• Recorded information
+ + + +

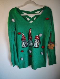 Women size M Green Santa Sweater with Pom Poms NWT$20San Mateo, CA
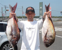 5月2日、沖磯にて福西さんはマダイ78cm 6kgラクラクオーバーとスズキ2.8kg をルアーでGET!
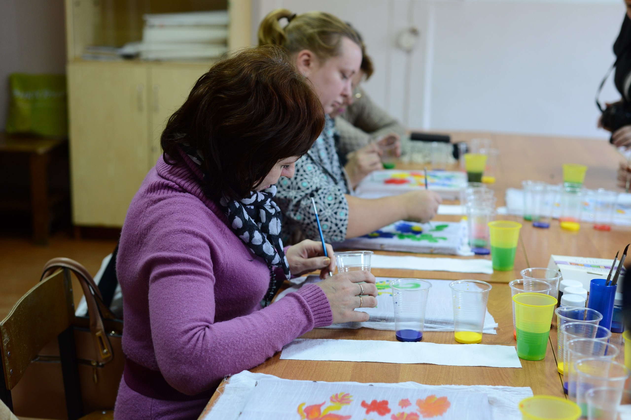 Для педагогов были проведены мастер-классы по темам: «Техника холодного батика», «Вышивка лентами», «Съемка классического портрета» и другие.
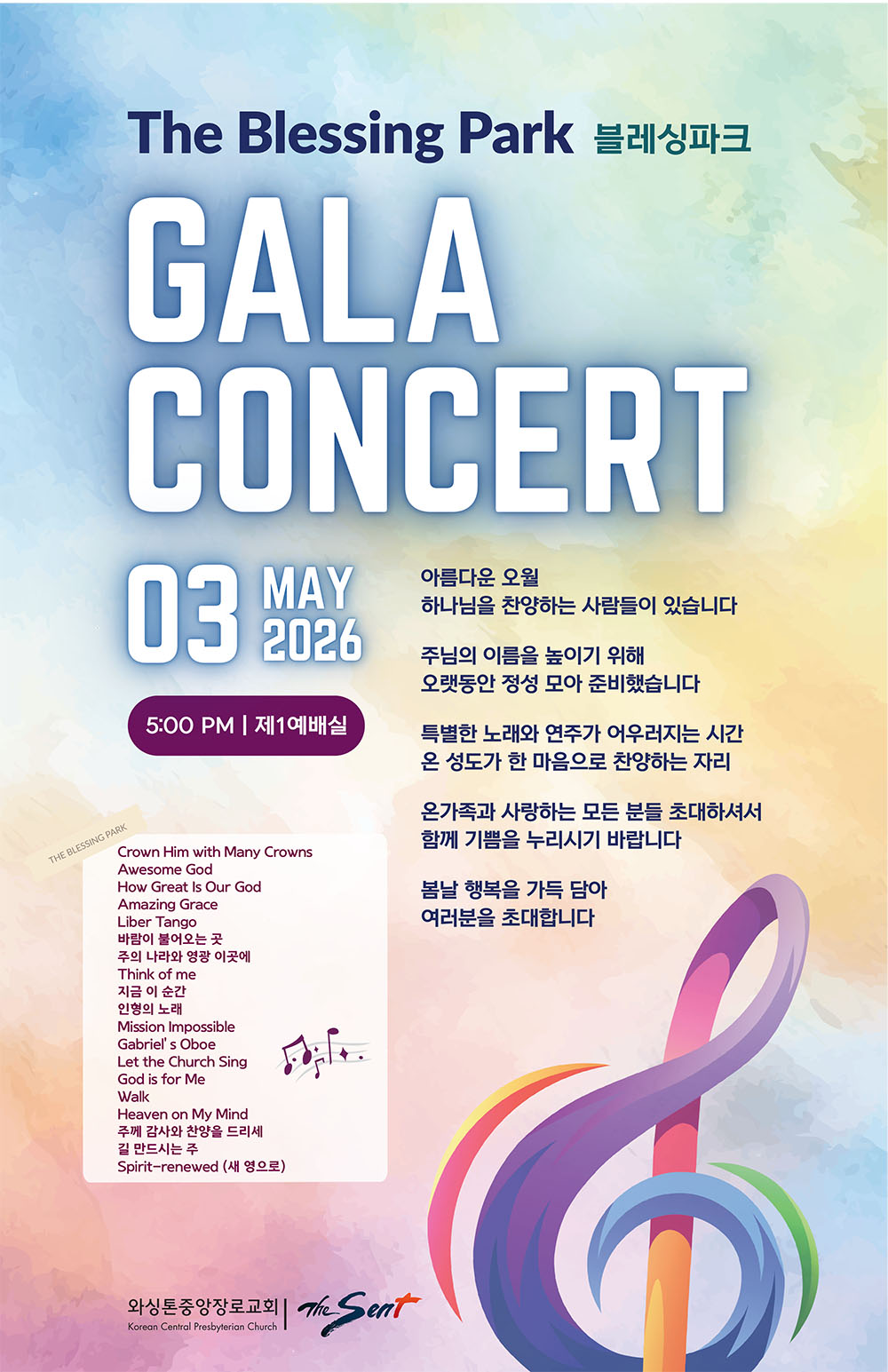 봄의 향기가 가득한 5월의 저녁, 아름다운 음악으로 하나 되어 하나님께 감사와 찬양을 올려드립니다. 다음 세대를 위한 믿음의 터전이자 교회와 지역을 잇는 열린 축복의 공간, 블레싱파크를 소망하며 갈라 콘서트를 준비하였습니다.

+ + + +

• Required action
Every line of the listing above is to be repeated exactly, with its pictures left out.

• Exercise result
 Women size M Green Santa Sweater with Pom Poms NWT$20San Mateo, CA
 5月2日、沖磯にて福西さんはマダイ78cm 6kgラクラクオーバーとスズキ2.8kg をルアーでGET!
 Для педагогов были проведены мастер-классы по темам: «Техника холодного батика», «Вышивка лентами», «Съемка классического портрета» и другие.
 봄의 향기가 가득한 5월의 저녁, 아름다운 음악으로 하나 되어 하나님께 감사와 찬양을 올려드립니다. 다음 세대를 위한 믿음의 터전이자 교회와 지역을 잇는 열린 축복의 공간, 블레싱파크를 소망하며 갈라 콘서트를 준비하였습니다.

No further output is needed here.